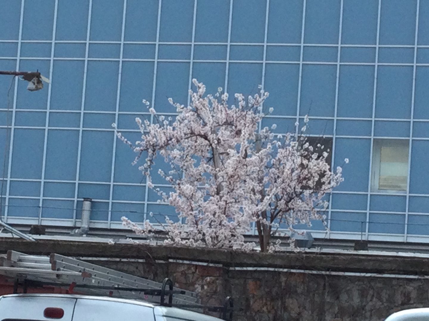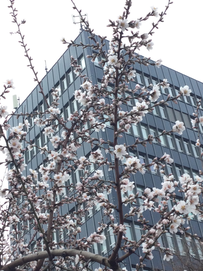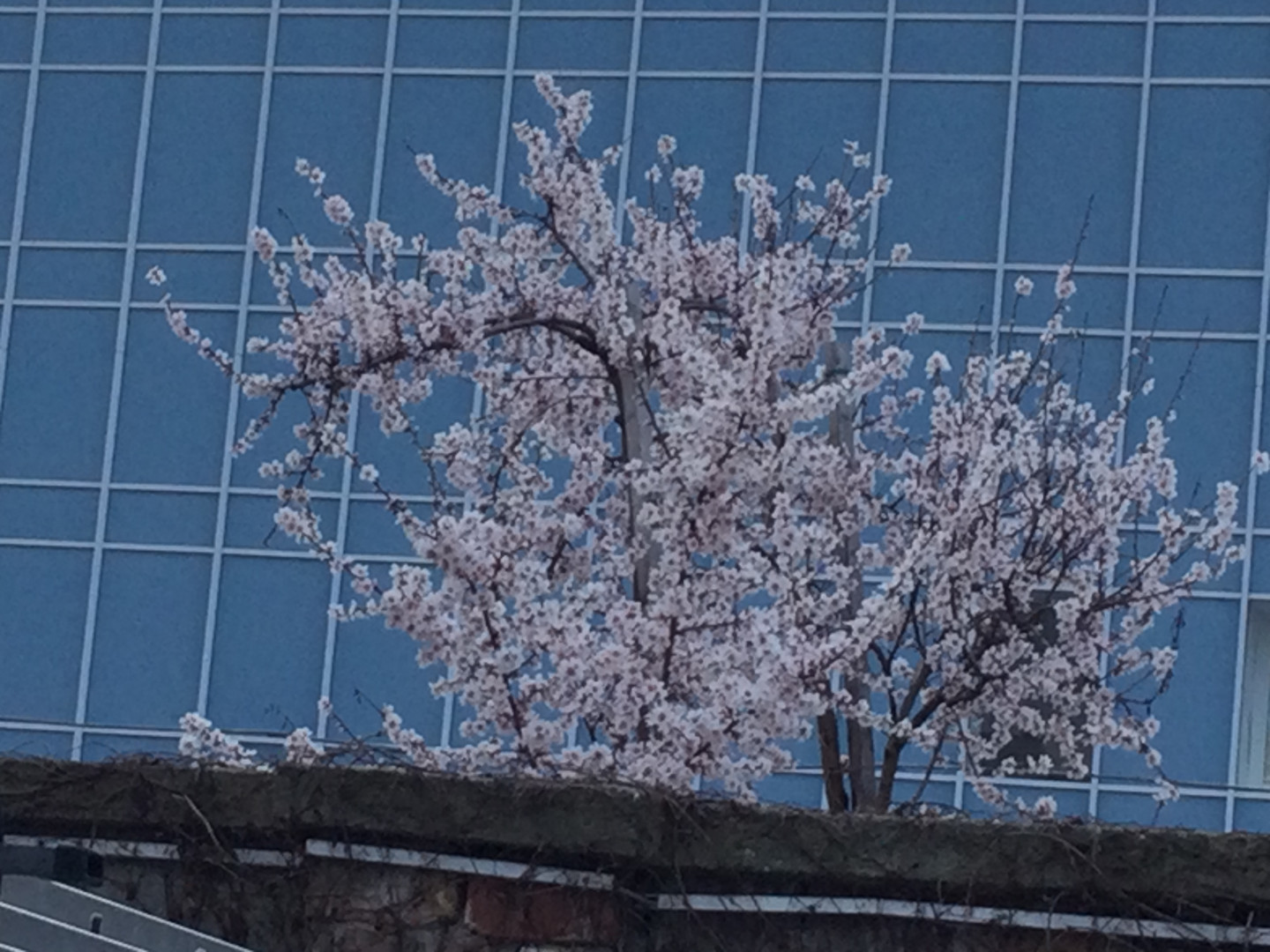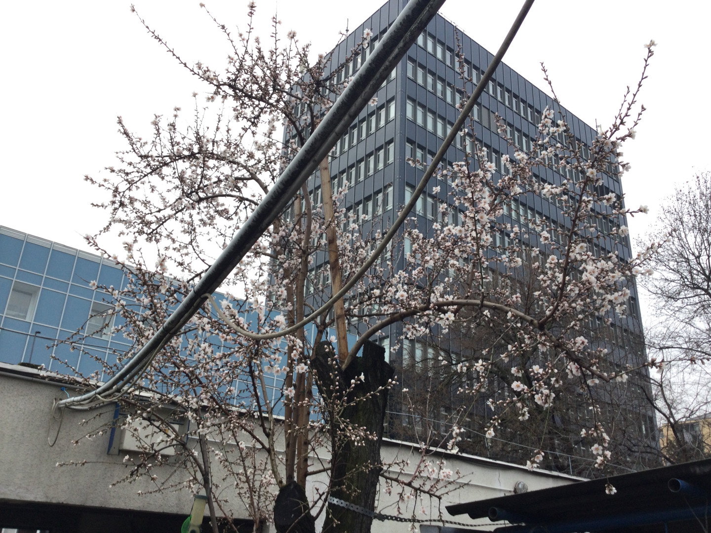 Két napja már a parkoló végéből virágzó öreg fánk képe fogadott mindenkit, bár az első érkezők a kapun belül rügyeket és virágokat sajnos a betonon is láthattak egy szürkevarjú érthetetlen ellenszenve miatt, dühét azóta csillapíthatta, mert már a fa melletti tető mohás földjének leszórásával is alábbhagyott.
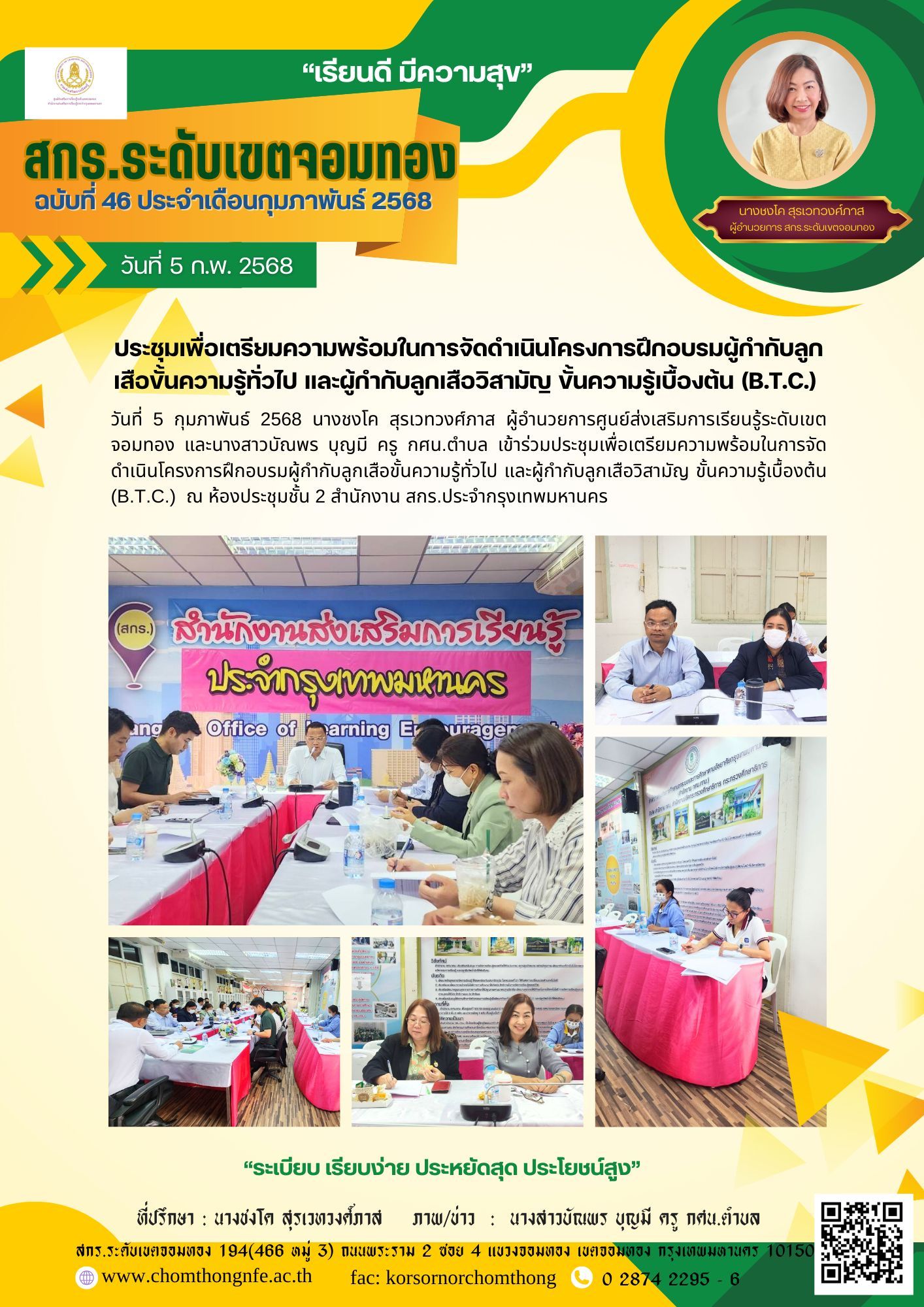 วันที่ 5 กุมภาพันธ์ 2568 นางชงโค สุรเวทวงศ์ภาส ผู้อำนวยการศูนย์ส่งเสริมการเรียนรู้ระดับเขตจอมทอง และ
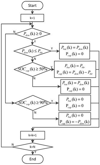 In order to verify the effectiveness of the proposed optimization method in this paper for the electric bus equipped with semi-active HESS, it is compared with the rule-based strategy in Harbin driving cycle. The rule-based strategy is shown in Figure 13 [9,29]. When the power demand Pdem ≥ 0, the battery only provides the threshold power Pthr, and when Pdem > Pthr, the battery will provide the part of power demand exceed according to the SOCcap. When the power demand Pdem < 0, it is also need to charge for SC according to the charge of state of the SC, when the SC pack is fully charged and then to the battery pack for energy braking. According to the characteristics of the SC power and the power demand relationship obtained from the convex optimization, the threshold power Pthr in the rule-based strategy is set to 20 kW, and the same power system model and initial parameters are used to calculate the power distribution based on the rules strategy, as shown in Figure 14.
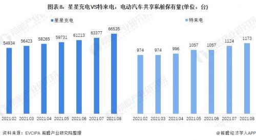 从电动汽车共享私桩的运营数量来看,2021年2月-8月,星星充电和特来电的共享私桩运营保有数量均呈现上涨趋势。但就绝对数量而言,星星充电遥遥领先于特来电,截至2021年8月底,星星充电的共享私桩数量达到6.65万台,而特来电的共享私桩数量仅有1173台。
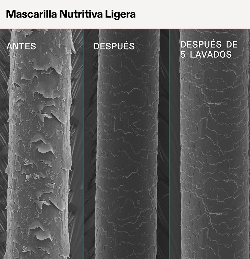 *En mechones de cabello virgen - Reduce y previene la rotura incluso después de 5 lavados
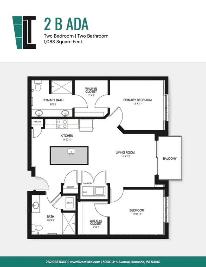 Lake Terrace Apartment in Downtown Kenosha! offers 2 Bedroom apartments starting from $2,145 and having 1,083–1,224 sq ft. Here is the current pricing and availability:
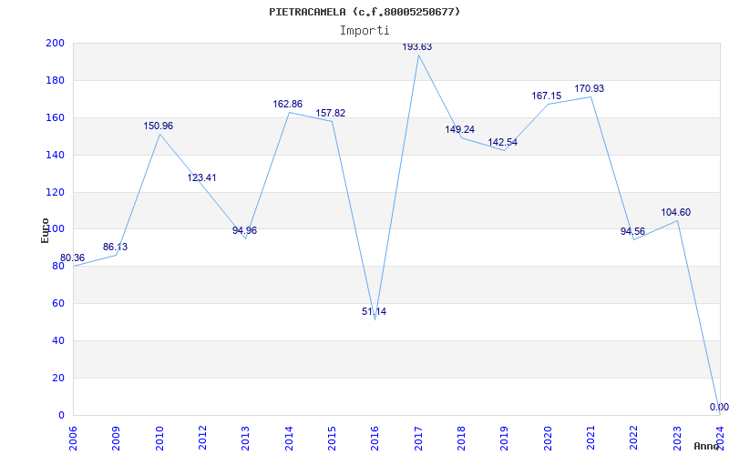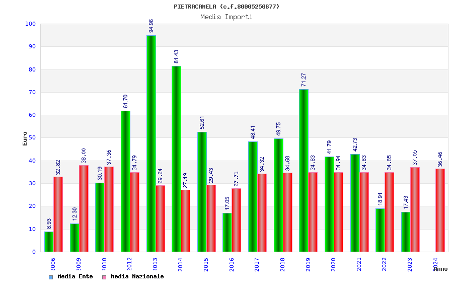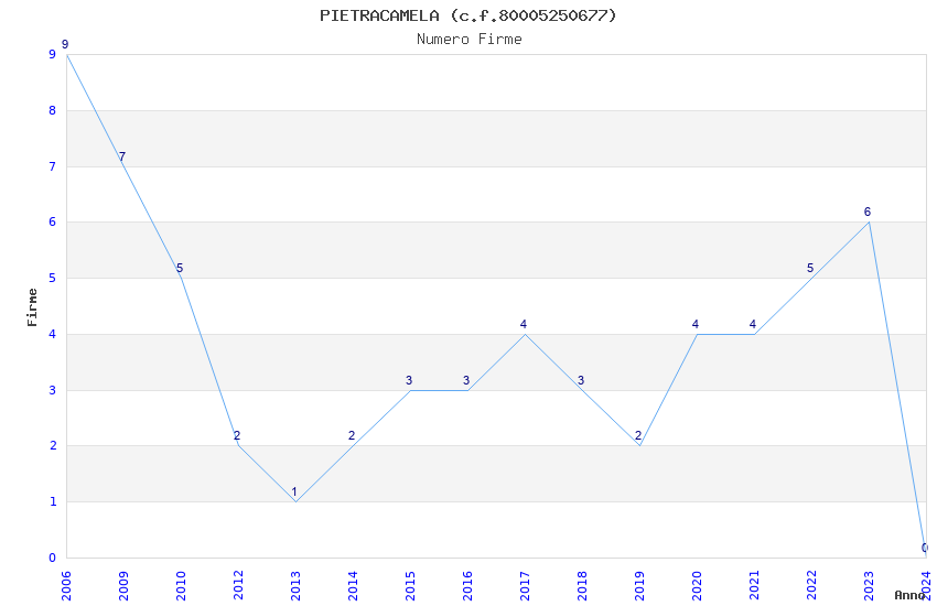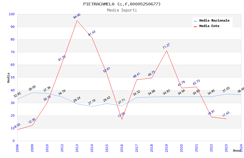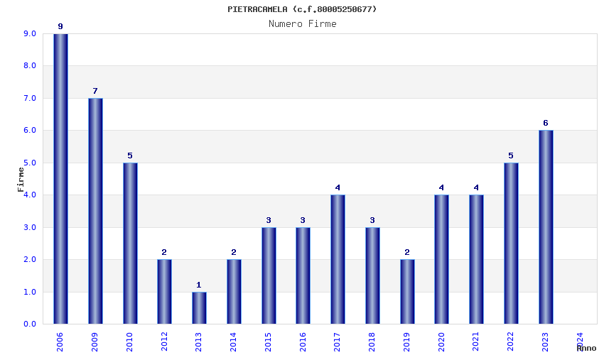 | Anno | Firme | Importi | Media | Naz. | Reg. | Prov. | Comu. |
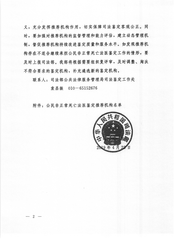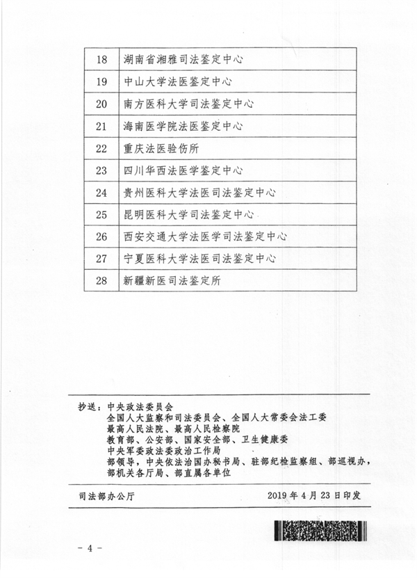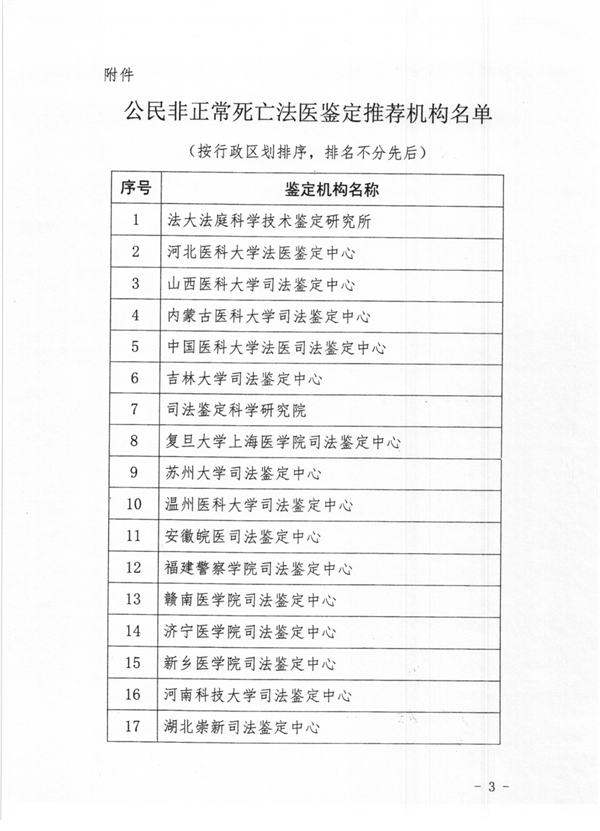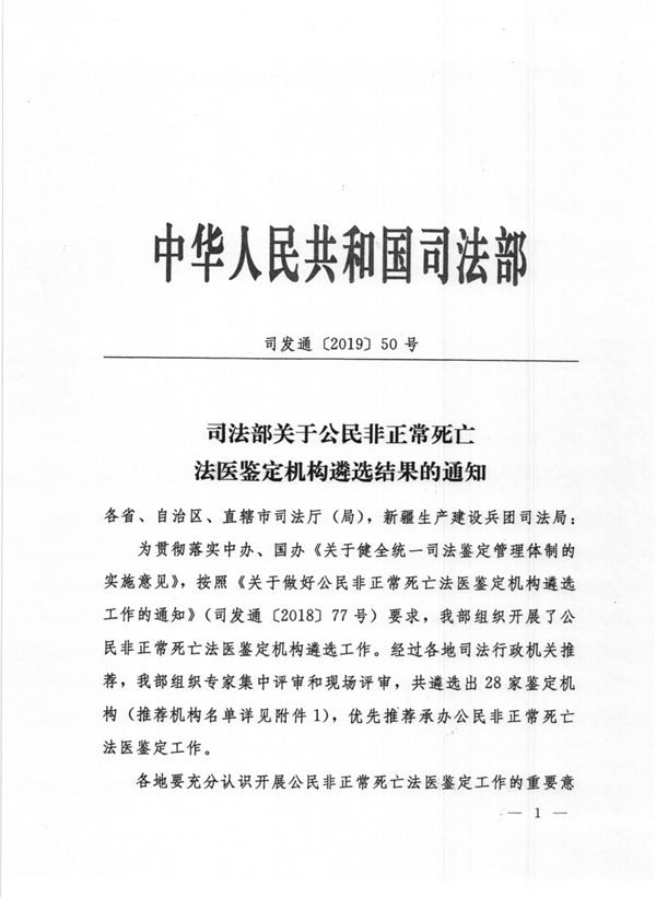 司法部关于公民非正常死亡法医鉴定机构遴选结果的通知
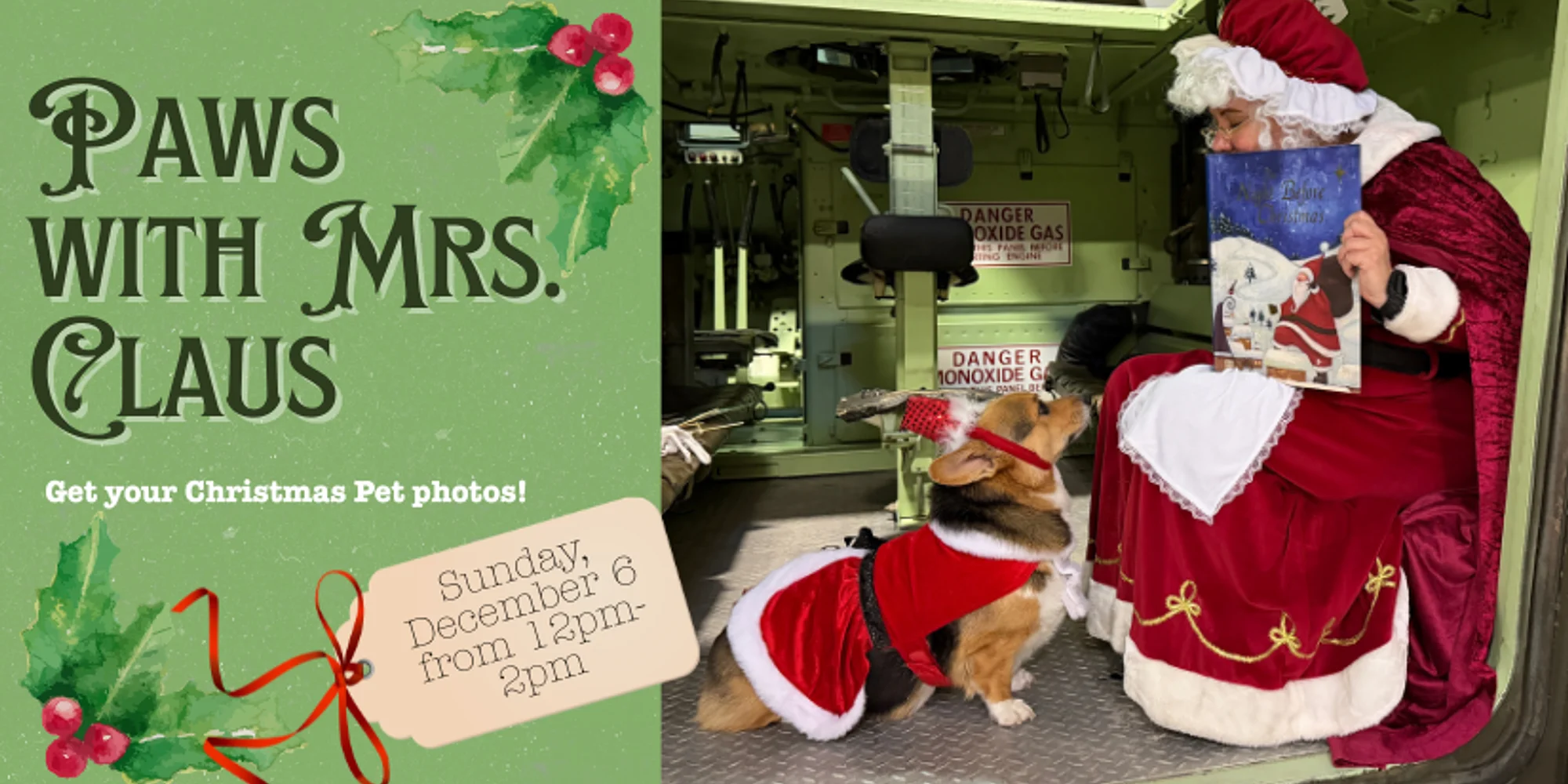 Bring your furry friends for a festive photo with Mrs. Claus at the Museum of the American G.I.! On Sunday, December 6, from 12 pm to 2 pm, bring your pet to the museum, whether they’ve been naughty or nice, for a festive picture with Mrs. Claus! A perfect way to capture a holiday memory you’ll treasure all season long! While you’re here, enjoy our seasonal decorations and explore the museum’s exhibits. Dress your pets in their holiday best — we can’t wait to see those festive outfits! Pet photos with Mrs. Claus and admission to the museum are $10 on December 6 from 12:00 p.m. to 2:00 p.m.

§ **Instructions to follow**
From the line containing "司法部关于公民非正常死亡法医鉴定机构遴选结果的通知" down to the last line of the entries above, retype each line exactly as it stands, but skip the pictures.

§ **Answer to this problem**
 司法部关于公民非正常死亡法医鉴定机构遴选结果的通知
 Bring your furry friends for a festive photo with Mrs. Claus at the Museum of the American G.I.! On Sunday, December 6, from 12 pm to 2 pm, bring your pet to the museum, whether they’ve been naughty or nice, for a festive picture with Mrs. Claus! A perfect way to capture a holiday memory you’ll treasure all season long! While you’re here, enjoy our seasonal decorations and explore the museum’s exhibits. Dress your pets in their holiday best — we can’t wait to see those festive outfits! Pet photos with Mrs. Claus and admission to the museum are $10 on December 6 from 12:00 p.m. to 2:00 p.m.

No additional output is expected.